Measuring Chassis Performance
Measuring chassis performance begins with the engineer and a computer model before the vehicle is built. The dynamics of the suspension and chassis are placed on a three-dimensional set of axes based on the front of the vehicle. The X, Y and Z axes intersect at the center of gravity. The center of gravity is the point on the vehicle where you could place a jack and lift all four wheels and the vehicle would remain level. The Z or roll axis is at the centerline of the vehicle and passes from the rear suspension roll center to the front suspension roll center.
The Y or yaw axis is perpendicular to the Z axis. The X axis is on the same plane as the Z axis. The roll center is determined by the center point of the axle. In the case of an independent suspension, the center point is located between the two lower control arms.
The steering angles generated by the knuckle and linkage are generally referred to as Ackerman steering angles. These angles are associated to low speed turning radius dimensions. As vehicle speed increases, steering angles tend to move forward toward the center of gravity. As a vehicle executes a cornering maneuver, the chassis is affected on the X, Y and Z axes. The X axis is a lateral acceleration that pushes the vehicle toward the outside of the corner. It is measured in “G.” G or Gravity is the attraction of a body toward the earth. The resting weight of a body on the surface is calculated as 1 G. The Z axis is affected by a rotational acceleration that would tip the vehicle toward the outside of the corner. It would be measured in degrees per second. As the rear wheel slip angle increases, it causes the chassis to rotate at its center of gravity.
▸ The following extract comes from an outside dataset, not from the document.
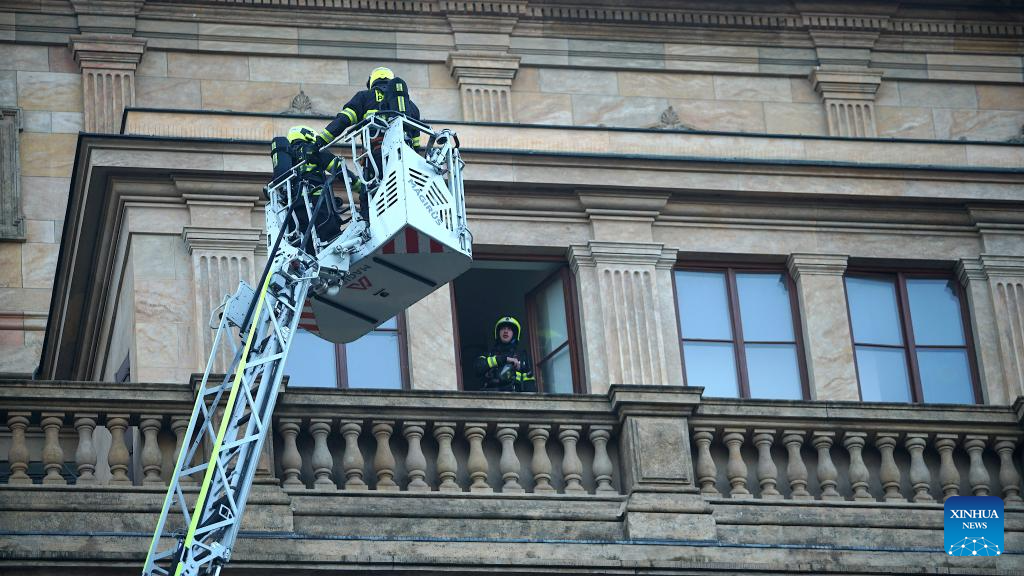 Firefighters respond to a fire at the National Theater in Prague, the Czech Republic, on Nov. 26, 2024. Prague firefighters successfully extinguished a fire that broke out on Tuesday afternoon in the historic National Theater building, a landmark in the Czech capital. (Photo by Dana Kesnerova/Xinhua)

The faster the corner, the more the chassis will tend to roll. During a cornering maneuver, the entire weight distribution of the vehicle changes. In a right-hand corner, the most weight is placed on the left front wheel.
The right rear wheel carries the least amount of weight. If the vehicle is braking in the corner, even more weight is shifted to the left front wheel. Chassis roll is determined by an axis running from the rear roll center to the front roll center of the vehicle. The Z axis determines the rotation of the chassis during a corner. The inclination of the chassis and center of mass of a vehicle determine how much chassis roll will occur during a corner.
Acceleration and Deceleration
The center of gravity and its mass affects the amount of vehicle pitch during an acceleration or deceleration. The location of the suspension linkages and axles are designed to minimize these rotational forces. As an example, changing the mounting angle of an upper control, arm or MacPherson strut can reduce the amount of pitch during a deceleration or stop.
The extremes of vehicle construction can best demonstrate how the roll center and center of gravity or mass affects chassis roll. The Corvette is a performance vehicle designed for high-speed cornering. It has a roll center that is parallel and as close to ground level as possible. Its center of mass is very close to the roll center and is located in the center of the vehicle. This produces an almost neutral position during high-speed corners.
The ground clearance of the Corvette is minimal, as it is to be driven on maintained paved surfaces. A van is a utility vehicle designed to transport passengers and cargo and its ground clearance is much greater. Its roll center axis is on an incline as the roll center of the rear axle is higher than the control arms of the independent front suspension.
Its center of mass is toward the front of the vehicle and can change based on how the vehicle is loaded. The suspension of the van will receive more stress under normal service than those in the Corvette.